KEEPING THE FAITH WITH JEN’S GEMS

Jennifer A. Ehman

[email protected]

 

11/16/15       Elshazly v. Castlepoint Ins. Co.

Supreme Court, New York County

No Coverage Under Homeowners Policy for Three Family Dwelling

Plaintiff was insured under a homeowers policy issued by Castlepoint when he suffered a fire at the insured premises.  At the time of the loss, plaintiff and his daughter occupied the first and third floors of the premises, while a tenant occupied an apartment in the rear of the premises on the first floor and another tenant and her son occupied the second floor. 

 

Castlepoint denied the claim citing the definition of “residence premises,” which was defined to mean, in relevant part, “a two family dwelling where you reside in at least one of the family units and which is shown as the residence premises’ in the Declarations.”

 

The court affirmed the denial finding that there were “three separate living units,” each with its own bedroom, bathroom, kitchen (or kitchenette) and separate entrance.  The court declined to accept plaintiff’s argument that there were no formal partitions between the second floor and other levels and that the kitchen on the second floor was nothing more than a “very small kitchenette.” 

 

The court found that the evidence submitted was sufficient to establish as a matter of law that the structural configuration of the premises was arranged to consist of three dwelling units.  Whether the second floor had an exterior entry/exit was inconsequential.  Of importance, the court rejected the argument that in order to be considered a separate dwelling it needed to constitute an “apartment” as defined by the Administrative Code of the City of New York. 

 

EARL’S PEARLS
Earl K. Cantwell
[email protected]

 

06/18/15       Monier Inc. v American Home Insurance Co.

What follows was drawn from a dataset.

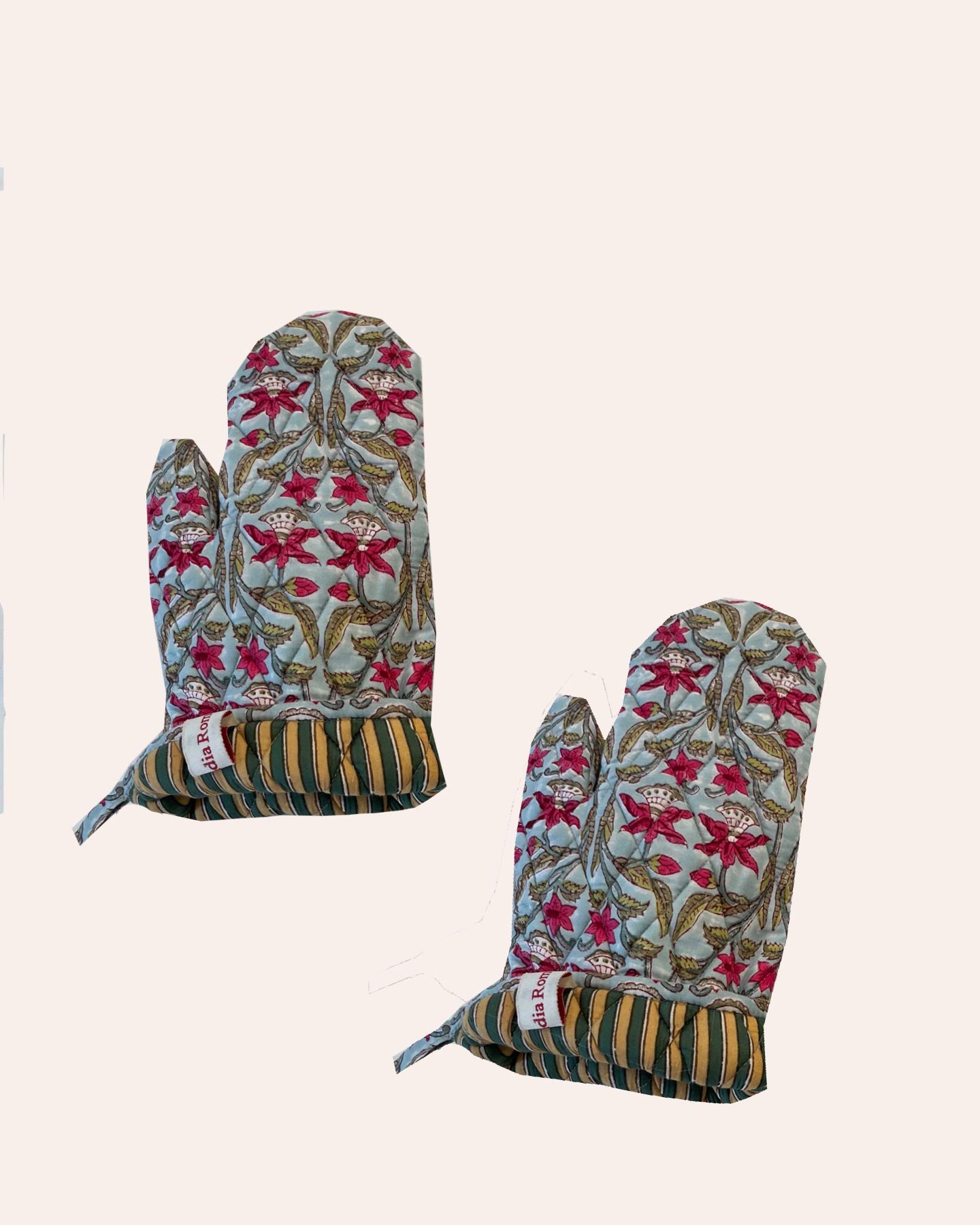 Kitchen gloves (2 pcs) made of 100% printed , quilted cotton with pure cotton filling. Our fabrics and designs are unique and may display irregularities due to craftsmanship. We recommend gentle washing and no dryer . |

California Court of Appeals

A New Twist on Construction Defects: Misrepresentation

 

California homeowners brought a class action against Monier, a manufacturer of roof tiles, and the state court action claimed that roof tiles deteriorated well before expiration of a 50 year warranty.  American Home and several other companies denied coverage due to the lack of a defined accidental occurence.  Monier then sued a number of insurers seeking a declaration that they had an obligation to provide defense and indemnification in the class action.

 

After a bifurcated bench trial, the trial court concluded that the insurance companies did not have a duty to defend because the class action did not allege a covered “occurrence”.  On appeal, this decision was affirmed. 

 

The essential basis for the ruling was that the claims alleged arose from claimed misrepresentations regarding the roof tiles which were intentional, non-accidental actions outside the scope of potential coverage.

 

Monier argued that the complaint included a claim under the California Consumers Legal Remedies Act which could be based on unintentional conduct.  However, this theory was rejected by the appellate court because the class action was essentially based upon misrepresentations, which are intentional acts whether made knowingly or negligently.

 

Monier also raised the argument that, while “misrepresentation” may have been a stated legal theory, the class action claims and damages really arose from an unintentional product defect in the roofing tiles.  The appellate court also rejected this analysis holding that the factual allegations in the complaint were that class members were damaged by misrepresentations concerning the tiles, not due to some defect in manufacturing or application.

 

This case presents an interesting development in the construction defect analysis since the underlying claim was primarily based on misrepresentation and not negligence, defective installation, breach of warranty, and other usual theories.  The courts applied an initial test of whether the claim included a covered accidental “occurrence”, as they frequently do in assessing construction defect claims. 

 

It is also interesting that the trial court decision arose from a bifurcated bench trial, and in cases where the core of the dispute is whether there is coverage, such a bifurcated proceeding seems a logical and efficient to mechanism to present, analyze, and get a declaratory judicial coverage opinion.